А как приятно держать шарик в руке, как холодную сверкающую виноградину жарким летним днем, когда Профессор мирно спит за своим изрезанным столом! Как замечательно ощущать его прохладную скользкую округлость в потной ладони! Тит схватил шарик и, зажав между указательным и большим пальцами, подставил его под луч солнца. Катая шарик между пальцами, Тит всматривался в радужные полоски, которые двигались в нем, беспрестанно извиваясь. Красная, желтая, зеленая, фиолетовая… и снова красная. Все его мысли и видимые образы окрасились в красный цвет. Тит растворился в красном; потолок, стены, пол – все стало красным. Потом все сжалось, и перед внутренним взором Тита возник четкий образ маленькой капельки крови, теплой и мокрой. На нее упал луч света, и она засверкала. Оказалось, что капелька крови проступила на одной костяшке его кулака – год назад в этой самой комнате он дрался с одним мальчиком. При этом воспоминании Тита охватил печальный гнев. Воспоминание было очень живым, очень реальным, и капелька крови казалась совершенно реальной. Сквозь гнев потекли другие чувства – восхищенность, уверенность в себе и страх, страх от того, что он пролил эту красную жидкость, священную, легендарную жидкость, такую красную и теплую. И тогда образ капельки крови стал размываться, менять свою форму и превратился в сердце… да, в сердце. И Тит приложил руки к своей детской груди. Поначалу он ничего не почувствовал, но поводив кончиками пальцев по груди, он наконец ощутил глухой удар. И тогда из другой части его памяти приплыли звуки ночной реки; он один; вокруг него подымаются черные колонны камышей, ведущих битву с небом.

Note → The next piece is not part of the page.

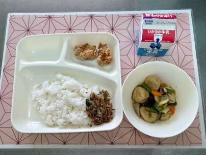 今日の給食は、鶏肉のたつたあげ・一口がんもとやさいの煮もの・おかかなっ葉・ごはん・牛乳です。

Облака на воображаемом небе поменяли форму и превратились в красного цвета рыб, плывущих над горами, с головами, как у того древнего карпа, которого однажды выловили во рву Горменгаста; тела рыб вытягивались в длинные полосы. А небо, в котором непрерывным потоком плыли эти создания, превратилось в океан, а горы превратились в подводные кораллы, а красное солнце превратилось в глаз бога моря, светящийся на морском дне. В глазу померкла угроза, и он стал величиной с шарик, зажатый в руке Тита.

Поднимаясь из глубоких вод, на Тита двигалась банда пиратов. Они шли сначала по грудь в воде, потом по пояс, потом по колено, становились все больше и больше. Пираты возвышались как башни, над глубоко посаженными глазами хмурились густые брови – как камни, нависающие над водами. В их ушах висели серьги красного золота, а в зубах они держали кривые кинжалы, с которых капала то ли вода, то ли кровь. Выйдя из красной полутьмы, они прищурили глаза, ослепленные ярким солнцем. Вокруг их ног и тел бурлила вода, брызгая отражениями. Тела пиратов заслонили все вокруг, заполнили полностью поле зрения, но по-прежнему продолжали приближаться. Вот уже видны только головы, вот уже остается лишь одна голова главного пирата, великого властителя морей; каждый дюйм его лица покрыт шрамами и заживающими ранами – как колено у мальчика, зубы у него в форме черепов; шея обвита татуировкой в виде чешуйчатой змеи. Голова все увеличивается в размерах, вот уже виден лишь один глаз, сверкающий из глубин глазницы. Его дикий и зловещий взгляд устремлен на Тита. Все исчезло – остался в этом огромном мире один только шар-глаз. И вдруг это уже совсем не глаз, а земной шар. И шар катится, катится и снова становится глазом, но теперь в нем виден лишь зрачок. И в этом черном зрачке, бездонном, как безлунное небо, Тит увидел отражение себя самого, заглядывающего в эту черноту. И из черноты зрачка глаза пирата выходит человеческая фигура. Над головой у нее – переплетенные локоны вздымающейся шапки волос – точь-в-точь как у его матери. Но сделав шаг к нему, она исчезла, растворилась, и вместо нее засиял рубин Фуксии. Рубин прыгал на фоне тьмы, словно был подвешен на ниточке, которую кто-то резко дергал А затем и он исчез, и вместо него снова на ладони у Тита засветился стеклянный шарик с крутящимися в нем радужными спиралями: желтая, зеленая, фиолетовая, голубая, красная, желтая… желтая…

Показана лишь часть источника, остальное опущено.